One of the uncertainties is related to environmental issues as consequences of future climate changes. Recent studies show that the frequency, severity, and duration of excessive weather conditions such as drought are expected to increase in the future due to climate change [23]. For example, Turkey is situated in the Mediterranean region, and hence, it is expected that Turkey’s water sources will be affected by global climate change [24]. Using a simulation-based study, Aktas [24] demonstrated that nearly 20% of the surface water in the studied basins in Turkey will be vanished by the year 2030, and the trend for this loss in water reserve will increase to 35% in 2050 and 50% in 2100. Furthermore, the same study also suggests that the evapotranspiration of plants will contribute to the water loss by as much as another 20%. The second source of uncertainty arises due to financial and budgeting issues. To illustrate, GenCo may tolerate some increase in the planned annual investment budget by using the owned current credit facilities and/or via equity capital.
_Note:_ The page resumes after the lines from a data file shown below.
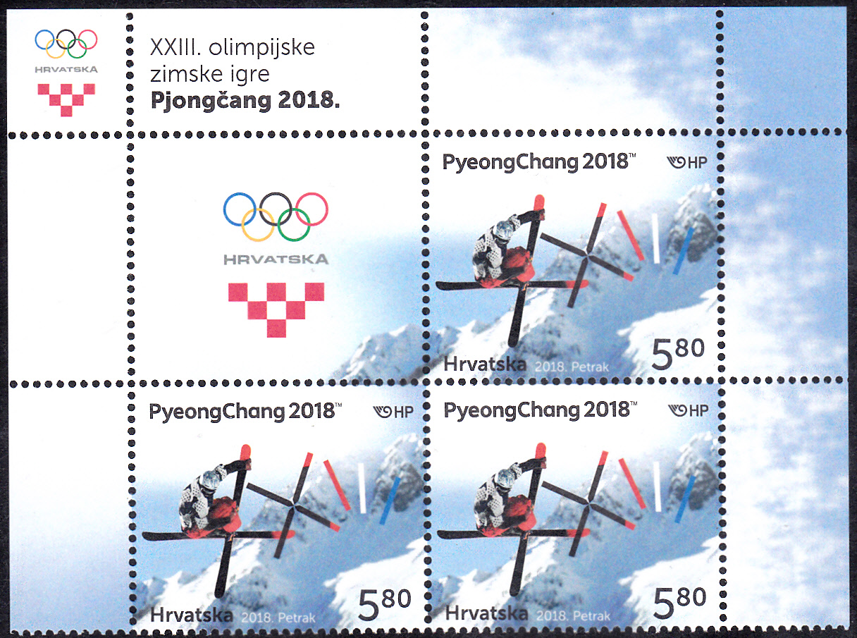 Auch auf dieser Marke aus Kroatien (MiNr 1302) zu den Winterspielen 2018 ist ein Freestyle-Skifahrer bei einem Sprung zu sehen.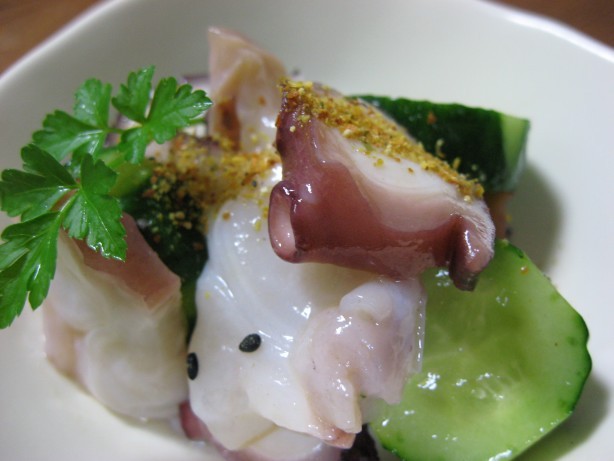 タコときゅうりを、ゴマ油、塩、酢、醤油、ラー油で和えました。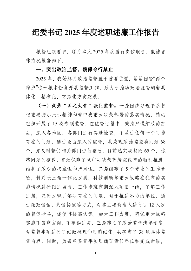 纪委书记2025年度述职述廉工作报告_副本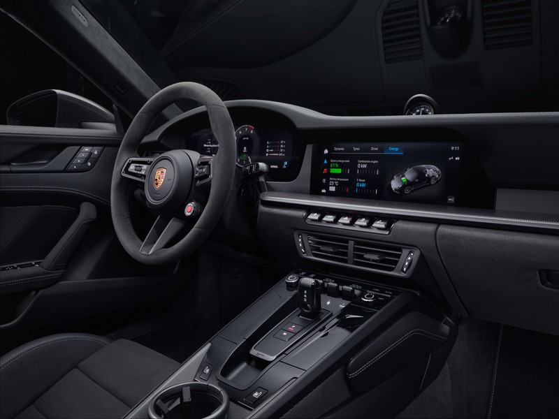 Il powertrain si avvale anche di un motore sincrono a magneti permanenti integrato nella nuova e più potente trasmissione a doppia frizione (PDK) a otto rapporti. Anche a regime minimo, assiste il flat-six con una coppia motrice supplementare fino a 150 Nm e fornisce un incremento di potenza fino a 40 kW. Porsche abbina entrambi i motori elettrici a una batteria ad alto voltaggio leggera e compatta. Quest’ultima corrisponde, per dimensioni e peso, a una tradizionale batteria di avviamento da 12 volt, ma può immagazzinare fino a 1,9 kWh di energia (lordi) e funziona con una tensione di 400 V. Per ottimizzare il peso complessivo, Porsche ha optato per una batteria leggera agli ioni di litio per l’impianto elettrico di bordo da 12 V.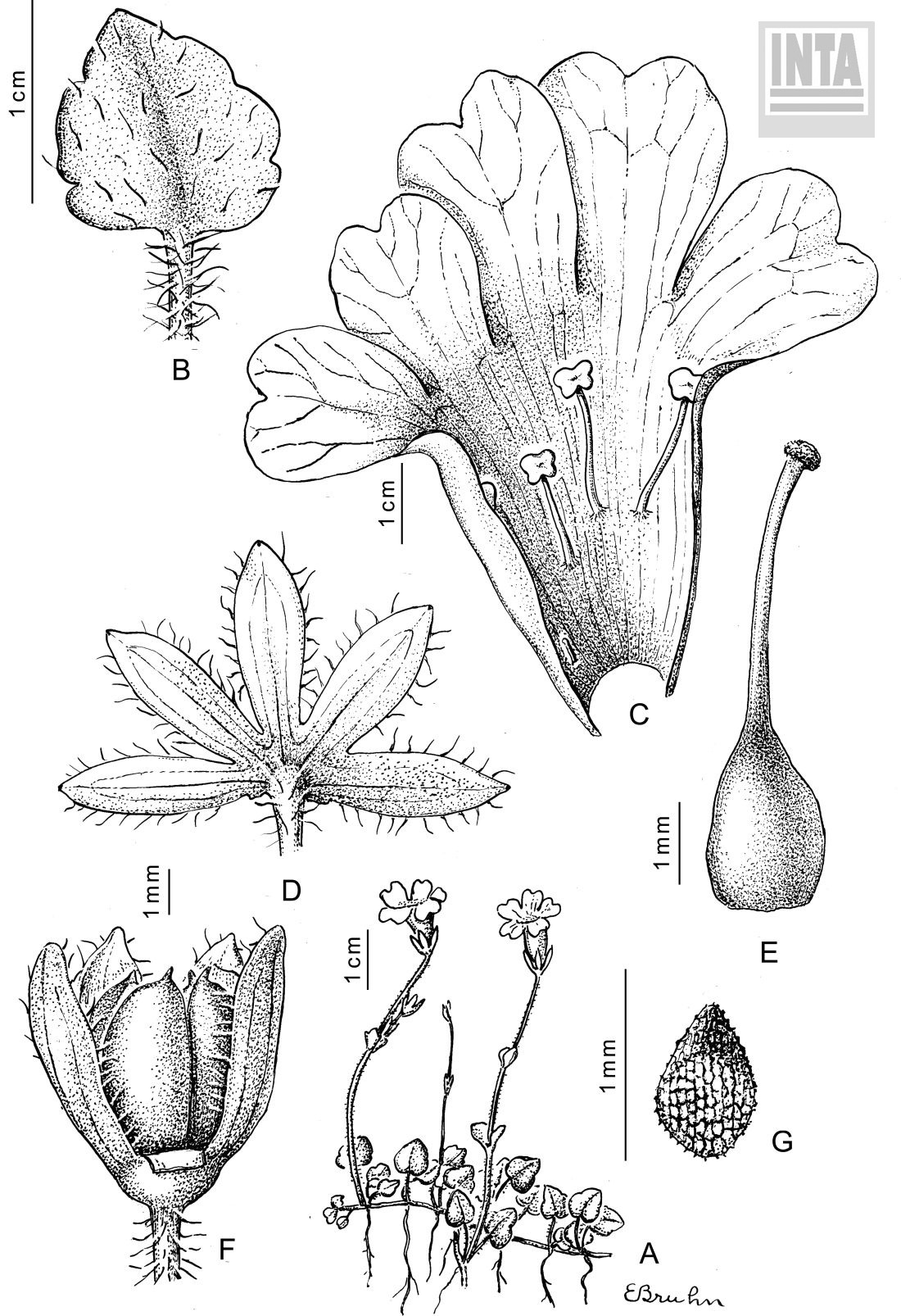 Hierbas perennes, rastreras, de 1-11,2 cm de alto, rizomatosas. Tallos glabros o pubescentes, entrenudos de 2,2-9,5 mm de largo. Hojas opuesto-decusadas, con pecíolo glabrescente o piloso, de 1,6-45 mm de largo; láminas ovadas a sub-orbiculares o elípticas, de 4-14 × 2-12 mm, base ligeramente cordada o bien truncada o cuneada, ápice redondeado, margen subentero a serrado, a veces regularmente crenado o lobado, glabra o pilosa en ambas caras. Racimos erectos, bracteados, de 3-15 mm de largo, 1-2 nudos florales, con 1 a 2(-3) flores por nudo; pedúnculo de 8-55 mm de largo, pubescente. Flores con pedicelos de 7-32 mm de largo, densamente pilosos o, en ocasiones, vellosos y con pelos glandulares; brácteas florales 2, sésiles o pecioladas, glabras, pubescentes o pilosas. Cáliz 5-partido, de 4-8 mm de largo, lóbulos obovados de 3-5 × 1,2-1,5 mm, glabros o glanduloso-pubescentes por fuera. Corola lila, rosada o malva, bilabiada, de 8-14,2 mm de largo, tubo de 10-16 mm de largo, recto o ligeramente curvo, glabro, lóbulos obovados, 3-6 × 2-4,5 mm, subiguales, con o sin estrías púrpuras. Estambres 4, didínamos. Ovario elipsoide, de 1,8-2,2 × 1-1,3 mm, glabro; estilo de 4 mm de largo, incluso; estigma capitado. Cápsulas comprimidas, suborbiculares, de 4-6 mm de largo, glabras, con dehiscencia loculicida o en ocasiones parcialmente septicida. Semillas ca. 80 por cápsula, 0,5-1 mm de largo, reticuladas. Láminas pilosas en la cara adaxial, con tricomas más o menos densos; corola con estrías púrpuras distintivas.

This study examines a 10-year investment-planning problem of a liberated GenCo. GenCo sells the generated power via bilateral contracts (BICs) and the day-ahead market (DAM). Electricity market reports of the Republic of Turkey Energy Market Regulatory Authority (EMRA) show that Turkey has a high demand growth rate [25]. Therefore, it is assumed that GenCo can sell all its generated electricity to the electricity market, thereby implying that there is enough demand in the electricity system to absorb all the energy generated by GenCo. The GenCo may invest in five various generation technologies: wind, hydropower, steam (lignite) turbines, and conventional and advanced combined-cycle natural gas (CCCNG and ACCNG), as depicted in Figure 1. Additionally, we assumed that adequate transmission resources are in place to transfer the power generated by the new units to the demand locations. This assumption implies that the GenCos investment decisions are not affected by transmission constraints. Additionally, it is assumed that the investment decisions of the investors do not influence the electricity market prices. This assumption ensures that no GenCo holds market power or is likely to hold market power through large-scale investments. In our model, it is assumed that GenCo is the sole owner and operator of the plants. This assumption means that the dispatch decisions are taken by the firm.
There are several studies in the literature show that the global climate change has adverse impacts both on the financial performance of both existing and potential power plant investments according to their locations and on the availability of the hydroelectric resources (the hydroelectric potential of specific basins) [24,26,27,28]. It was shown in [29] that global hydroelectric potential due to global climate change will be affected very little; however, the hydroelectric potential of some countries increases, whereas some others are expected to lose theirs. They also show that, in both cases, risk levels such as potential flooding and drought are high.
This manuscript investigates which type of power plant investments can be substituted with hydropower investments in the long run against drought risks due to climate change, and which types of power plants meet the decrease in hydroelectric production because of drought. There is almost no study in the literature about what kind of electrical energy generation technology investments can be used to substitute the hydroelectric generation unit investments in case of drought. In their study, ref. [30] show that due to the slow work-pace of the coal supply chain, the losses in hydroelectric energy output during drought periods in Turkey can initially be compensated by natural gas power plants. However, later, the coal power plants increase their production. They included the utilization dimension of power plants; however, they did not consider the effects of drought expectation in investment plans as we included in this manuscript.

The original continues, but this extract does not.